Томаса охватил страх.
— Где же она в таком случае?
Он бросил учебники, которые держал в руках, и бросился в мастерскую. Люк был открыт. Томас уже почти добрался до него, думая найти Полли в каком-нибудь углу чердака, когда следом за ним в мастерскую вошел отец.
— Там ты никого не найдешь, — глухо сказал Джон. — Скорее всего, она страшно испугалась, услышав голоса двух представителей закона, которые во дворе наводили о ней справки.
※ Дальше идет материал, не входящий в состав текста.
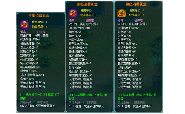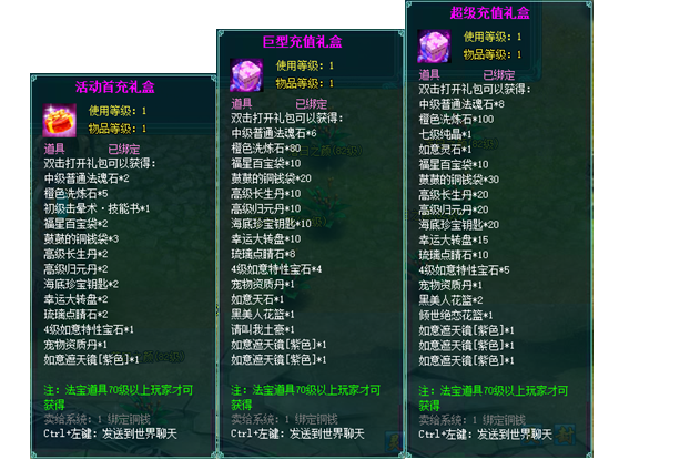 2、充值礼盒中的法宝道具均为70级以上玩家才能获得。

Само собой разумеется, я сказал, что понятия не имею, где ее искать, ведь я не подозревал, что она рядом. Но ведь известно, что она родилась в Отли, и они расспрашивали всех, кто с ней был знаком. Позднее я вышел из мастерской на пару часов, а когда вернулся, то нашел люк открытым. Наверно, она испугалась, что они вернутся, и удрала. К полудню ее поймали.
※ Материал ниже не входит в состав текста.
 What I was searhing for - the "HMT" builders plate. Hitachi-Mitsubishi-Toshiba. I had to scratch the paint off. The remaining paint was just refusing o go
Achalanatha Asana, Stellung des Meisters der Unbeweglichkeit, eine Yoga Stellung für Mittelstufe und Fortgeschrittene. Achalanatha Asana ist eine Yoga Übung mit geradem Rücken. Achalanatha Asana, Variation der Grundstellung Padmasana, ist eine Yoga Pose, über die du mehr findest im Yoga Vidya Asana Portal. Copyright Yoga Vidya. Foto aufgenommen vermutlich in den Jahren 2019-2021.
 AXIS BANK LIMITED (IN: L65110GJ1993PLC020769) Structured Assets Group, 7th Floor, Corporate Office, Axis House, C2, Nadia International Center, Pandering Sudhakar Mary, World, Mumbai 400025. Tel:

От отчаяния Томас громко простонал и медленно спустился по лесенке. Если бы он был дома, Полли бы ни за что не вздумала бежать.
— Она не должна возвращаться в тот старый дом. Это плохое место.
— Они отвели ее не туда, а в тюрьму Йорка, где она останется до суда.
Не веря своим ушам, Томас уставился на отца.
— В чем ее обвиняют?
— В краже. Я слышал, будто при ней нашли улики. У нее в кармане лежал кошелек с тремя золотыми гинеями, которые она стащила у хозяина.
Лицо Томаса стало пепельно-бледным.
— Полли не воровка! — Но он вспомнил звон монет, когда Полли поднималась по лесенке на чердак. Тут в его голове все прояснилось. Она не украла эти деньги. Эти деньги Полли дали за молчание, а когда девочка сбежала, ее обвинили в краже, чтобы никто не поверил ей, даже если бы она сказала правду. Разве можно ожидать, что наивный ребенок расстанется с тем, что ему показалось целым состоянием, невзирая на то, за что ей достались эти деньги? Он вздрогнул и почувствовал тошноту. — Что с ней будет? — со страхом спросил он.
Джон обнял сына и прижал его к себе.
— Не знаю, мой мальчик. В глазах закона ее вина уже доказана. Нам остается лишь надеяться на снисходительный приговор.
Три недели спустя Полли судили вместе с семнадцатью другими арестованными, некоторые из них были закоренелыми преступниками, схваченными с краденым имуществом. Всем вынесли один приговор. Ожидали, что их, как водилось, приговорят к смертной казни через повешение, причем возраст обвиняемого не являлся поводом для помилования, сколь бы лет ни было арестованному. Но судья решил иначе. В американских колониях испытывался острый недостаток рабочих рук, а среди самых отъявленных преступников, сидевших на скамье подсудимых, оказались несколько мужчин, обладавших разными профессиями строителей, которым там найдется хорошее применение. Что же до рыжеволосой девчонки, то горести и обретенный опыт побудят ее исправиться, когда она станет рабыней на новой земле, если выдержит плавание и чреватые с ним опасности.
Томас тут же обрадовался, услышав, что Полли избежала виселицы, но опечалился при мысли, что ее обрекли на мрачное будущее. Но мать успокоила его, говоря, что он должен радоваться тому, что Полли осталась жива. Томас вспомнил, что она сильна духом и не боится трудностей, и всем сердцем надеялся, что удача не покинет ее.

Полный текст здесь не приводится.